Q&A: Cablevision Connects With Optimum Community

When 14 Cablevision employees from across its greater New York footprint showed up in Babylon, N.Y., last October to help a couple displaced for two years by Hurricane Sandy finish rebuilding their home, it illustrated “the essence” of the MSO’s Optimum Community program, noted Jennifer Ostrager, vice president, public affairs.

The editors of Multichannel News thought it illustrated the essence of employee volunteerism and local outreach, selecting it as one of six initiatives featured in the #CableInTheCommunity spotlight.

The Optimum Community program launched in the fall of 2014 as an expansion and rebranding of Cablevision’s Power to Learn initiative into a broader corporate social responsibility and public affairs program. In addition to ad hoc efforts such as the Babylon home rebuild, the program supports a number of “signature” initiatives, including Charity Champions, encouraging student volunteerism; Digital Smarts, promoting safe and responsible use of social media and the Web; Student Lens, combining lessons in civics and digital content production; and more.

Ostrager spoke with Multichannel News about the Babylon home rebuild (in which it partnered with Scripps’s HGTV and Rebuilding Together Long Island) and the larger Optimum Community program.

MCN: How did the Optimum Community program evolve?

Jennifer Ostrager: The company has always been committed to outreach and public affairs. We had the Power to Learn initiative focused on the K-12 space and a wide range of educational initiatives and a program connecting schools and libraries to broadband. Those had a lot of success, and as we were thinking about how to broaden program, we looked at what impact could we have beyond education?
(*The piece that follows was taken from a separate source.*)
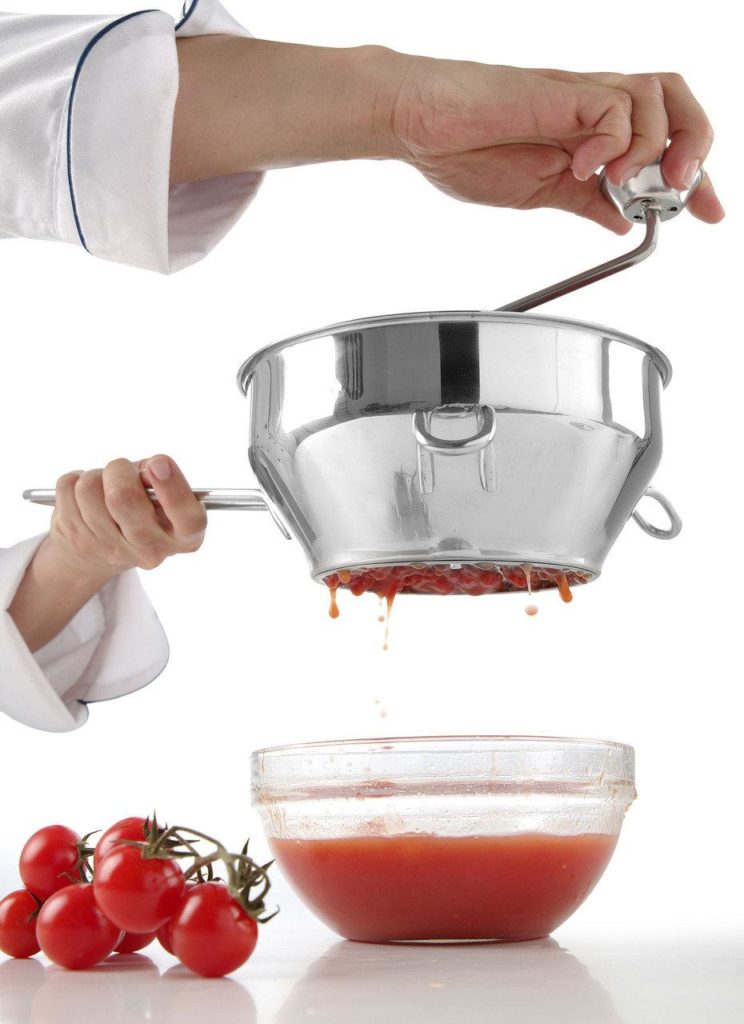 Mechanical sieve para sa prutas, berry at gulay na katas. Ang kadalian ng paggamit at versatility ay nakikilala ang salaan mula sa mga kakumpitensya. Ang mga wiping disc ay may iba't ibang mga diameters: 1.5, 2.5, 5 mm Pinapayagan ka nitong lumikha ng mga produkto ng iba't ibang pagkakapare-pareho. Prinsipyo ng pagpapatakbo: Mekanikal. Ang warranty ng tagagawa ay 1 taon.Average na presyo: 2300 rubles.
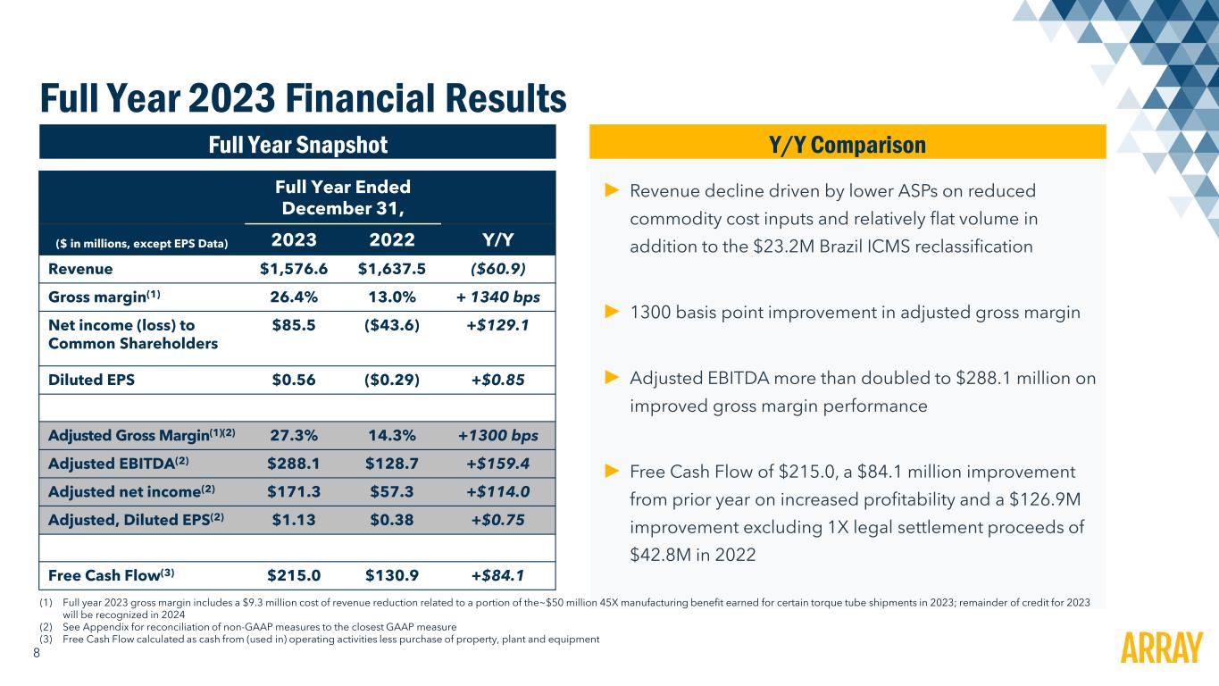 7 Three Months Ended December 31, ($ in millions, except EPS Data) 2023 2022 Y/Y Revenue $341.6 $402.1 ($60.5) Gross margin(1) 24.7% 19.1% + 560 bps Net income (loss) to Common Shareholders $6.0 ($17.3) +$23.3 Diluted EPS $0.04 ($0.11) +$0.15 Adjusted Gross Margin(1)(2) 25.7% 20.5% +520 bps Adjusted EBITDA(2) $48.2 $51.7 ($3.5) Adjusted net income(2) $31.4 $15.0 +$16.4 Adjusted, Diluted EPS(2) $0.21 $0.10 +$0.11 Free Cash Flow(2) $88.6 $93.5 ($4.9) 4Q 2023 Financial Results 4Q Snapshot Y/Y Comparison (1) 4Q 2023 gross margin includes a $9.3 million cost of revenue reduction related to a portion of the~$50 million 45X manufacturing benefit earned for certain torque tube shipments in 2023; remainder of credit for 2023 will be recognized in 2024 (2) See Appendix for reconciliation of non-GAAP measures to the closest GAAP measure (3) Free Cash Flow calculated as cash from (used in) operating activities less purchase of property, plant and equipment ► Revenue down 15% from ASP decline on lower input costs ► Adjusted gross margin increased to 25.7% from 20.5% driven by improved pricing, an increase in non-tracker sales, and recognition of 45X benefit ► Adjusted EBITDA of $48.2M, compared to $51.7M in the prior year period driven by ~$13.5M of 1X charges in the quarter, mostly offset by improved gross margin performance

So this is all a continuation of what we were doing, but we’re doing more and broadening out to community centers, senior centers and other organizations.

MCN: How do you pick your causes?

JO: We have two buckets: No. 1, it fits into one of our signature programs and No. 2, we really pride ourselves on being nimble and keeping eye on what’s happening around us so we are able to respond. We’re very in touch with our communities and able to create experiences or initiatives around what is happening, like the Babylon home rebuild.

The majority of our events don’t involve employee volunteers, but the Babylon rebuild was the essence of Optimum Community because it brought together a bunch of partners and Cablevision’s employee volunteer program and charitable organizations and local politicians to make the event happen.

MCN: How did you promote Optimum Community internally and recruit employee participation?

JO: The company’s commitment to public service is well known among employees, and we build on that. As we’ve gone through the rebranding, we’ve used a bunch of different communication mechanisms, like the intranet, promoting it on our website, and making people aware of what we are doing in their communities.

MCN: What are your future plans for Optimum Community?

JO: To continue to enhance and grow it along the trajectory that we've been on. We are building our signature programs. We’re supporting 100 events per year, and our goal is to do more and more, and make our impact greater and greater.